Geoengineering Your Garden
|Photo by YoungToymaker|
Raingardens, ponds, and swales all contribute to higher ground-level humidity. Our future hops vines, growing at a angle to a height of 35 feet should also create a quasi-greenhouse beneath, especially with the compost pit dug into the ground near their base. We also want to leverage warm, sunny spots created by South-facing walls as good areas to tropicalize.
And for that, we have a secret ingredient. Biochar, with its low reflectivity, is a great infrared energy absorber, warming the soil. It also holds about 3x its weight in water. The elevated temperature and moisture create a high humidity zone in the immediate airspace above high biochar concentrations.
My tomatoes and peppers grow prolifically, in part, due to top-dressing with biochar.
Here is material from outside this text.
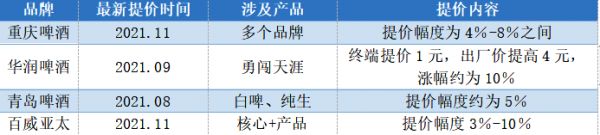 据统计,2021上半年华润啤酒吨成本同比增长4.1%;2021年三季度青岛啤酒、百威亚太的吨成本同比上升6.9%、3.4%,各品牌在不同程度承压,也直接导致了通往下游市场单品价格的上涨。

Where I have cut holes in the black plastic, I mulched with biochar to prevent weeds, capture moisture, discourage pests, and further decrease albedo. I add extra organic fertilizer when it's time to feed the plants, in order to adjust for the nutrient sink created by the biochar. Next season, the biochar will be already charged and populated with soil microbes so that it can be dug in and do long-lasting service in the ground. I prefer this technique over composting of biochar, as it saves time and effort (though compost plus biochar is a superior soil amendment).
Maximizing the biochar concentration in garden beds (up to 50% of soil volume) will produce similar results. The terra preta effect will move your garden to more equatorial climes. We have a lime tree that's been container-grown for 12 years, but one day it might find its place in the sun where the snow never sticks.